My memory says that I think they hit it, landing all the requisite fat and flavor properties. Besides, this isn’t a burger where the patty stands out, it’s more of an ensemble piece, one that where the beef works in concert with a handful of classic condiments.
There’s a crisp lettuce leaf, a relatively juicy tomato slice, a prodigious amount of gooey American cheese and a heaping helping of good-old “secret sauce.”
Roberts said that covert formula resembles that of the Big Mac, which I took to mean that it dabbles in mayo, ketchup and pickles. And sugar.
“Of course sugar,” he said with a laugh. “Sugar is one of the three basic food groups.”
Here’s the thing: The sweetness works, in part because, rather than hitting your taste buds like a gigantic bowl of Cap’n Crunch, it sneaks in, and its appeal grows on you. Plus, the prodigious amount of secret sauce splayed across this burger has a way of quickly flipping its initial neat-and-tidy appearance into a gloriously sloppy, two-napkin mess.
As for the potato-seasoned bun (imported from St. Agnes Baking Co.), it’s golden, dimpled, carefully toasted and terrific.
We’re already into January’s second week, so hurry in, because this blue-ribbon doppelganger isn’t going to hang around forever.
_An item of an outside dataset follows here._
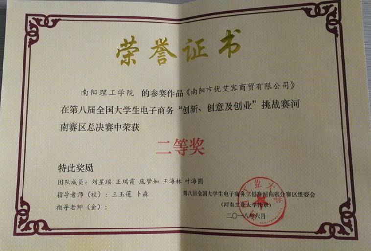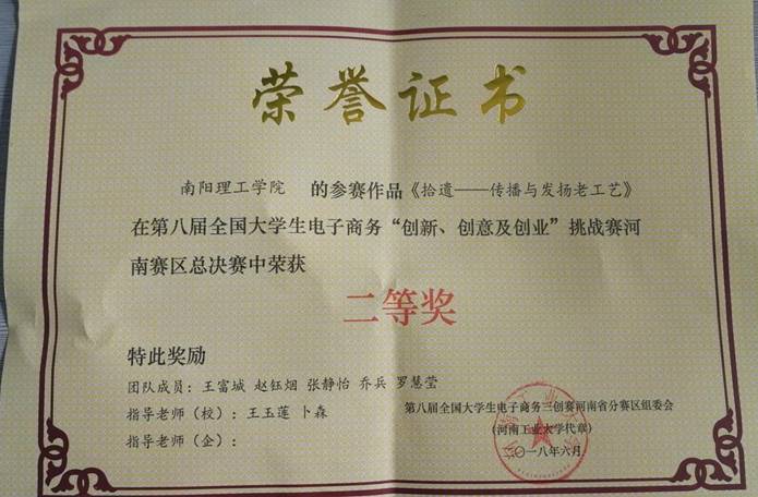 2018.6全国大学生电子商务创新、创意、创业大赛二等奖

Come Feb. 1, the spotlight is turning to a butter burger inspired by Solly’s Grille in Milwaukee.
“It’s the original butter burger, the one that Culver’s copied,” said Roberts. “I like the Culver’s butter burger, but this one is better. It has something like an eighth of a pound of butter. It’s crazy.”
Price: A single patty is $7.99, a double goes for $9.99 and a triple costs $11.99.
Fries: Included. All through January, the burger-of-the-month is served with crinkle cuts, mirroring the Shack Shake’s deep-fried modus operandi.
Meanwhile, at Salut: Borrowing from Burger Jones, a monthly (ahem) salute is coming to the menu at Salut Bar Americain, Parasole’s French-themed restaurants at 50th and France in Edina and on Grand Avenue in St. Paul.
The plan is to offer a defining dish from a classic Parisian bistro. “It’s not Tour d’Argent stuff,” said Roberts. “It’s Chez Georges, Josephine ‘Chez Dumonet,’ Brasserie Lipp, places that Minneapolitans might have visited. It’ll be dishes like Allard’s duck with olives, that kind of thing. We’ll probably start in March.”
Address book: 3200 W. Lake St., Mpls., 612-746-0800 and 1619 W. County Rd. 42, Burnsville, 952-885-2289, www.burgerjones.com. Minneapolis open 11 a.m.-11 p.m. daily. Burnsville open 11 a.m.-11 p.m. Sun.-Thu., 11 a.m.-midnight Fri.-Sat.